= Homeis =

Social networking app

Homeis was the first social networking app for immigrants. The app networks foreign-born peoples based on location and language, primarily focusing on South Asian, South American, French-speaking African, and Israeli immigrants.

Homeis connects users with paid Homeis staff or volunteers in their area who speak the same language and can offer assistance with their transition to living in the US, Canada, Europe, and the United Arab Emirates (UAE). Users can also interact based on shared interests.

Homeis was co-founded by Ran Harnevo and Hanan Laschover in January 2017. Harnevo previously created 5Min Media, an online video distributor created in 2007 that was purchased by AOL in 2010. He acted as president of video at Oath, owned by AOL, until 2015. Laschover was the head of AOL Israel until he left in 2015.

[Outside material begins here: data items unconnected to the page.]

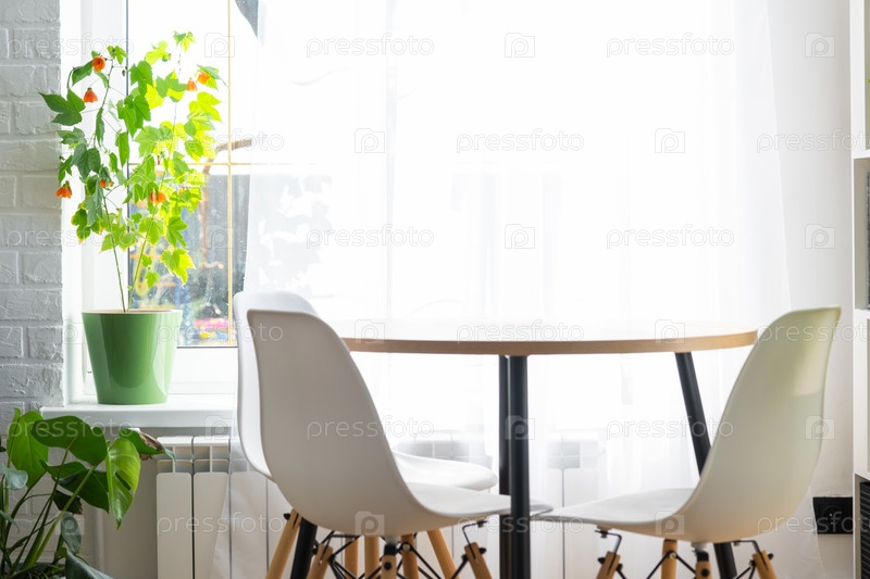 Интерьер дома с большими окнами и домашними растениями, круглый стол, стулья, белый лофт. минимализм, белая занавеска
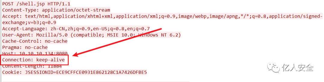 冰蝎通讯默认使用长连接,避免了频繁的握手造成的资源开销。默认情况下,请求头和响应头里会带有 Connection: Keep-Alive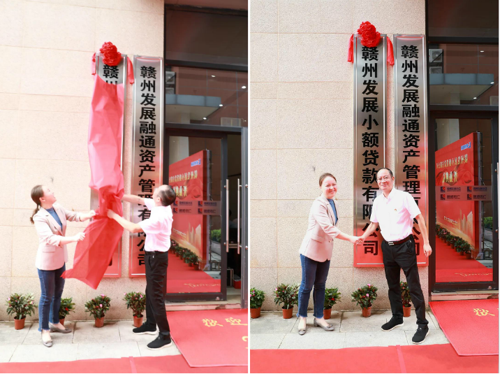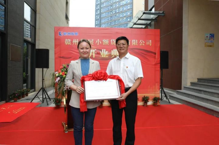 市金融辦副主任楊蕙宇與集團黨委書記、董事長李賤貴共同為贛州發(fā)展小額貸款有限公司揭牌。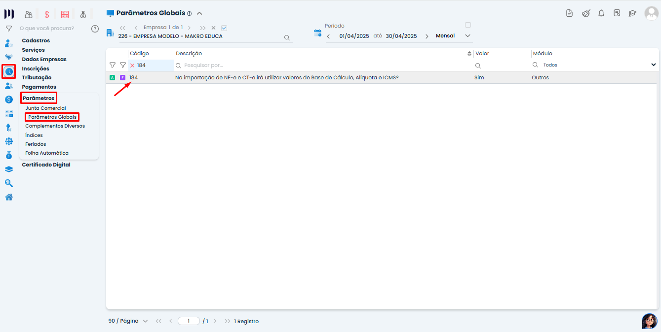 No menu principal, clique em Preparar > Parâmetros > Parâmetros globais.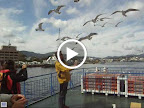 大島へ向かう遊覧船上、カモメと戯れる 亀山のロープウェー 亀山展望台から見下ろす南三陸海岸 亀山展望台から見上げる室根山 海水浴場

The inspiration for Homeis came from Harnevo’s own experience of struggling to make his way around New York City after immigrating to the United States from Tel Aviv, Israel in 2008 to build 5Min Media. Harnevo and Laschover initially focused the app on Israeli immigrants in New York City before broadening to include French-speaking African, Indian, and South American communities.

The Homeis app shut down in Summer 2021 with the promise of re-opening in Fall 2021. However, it remains offline, as of February 2026.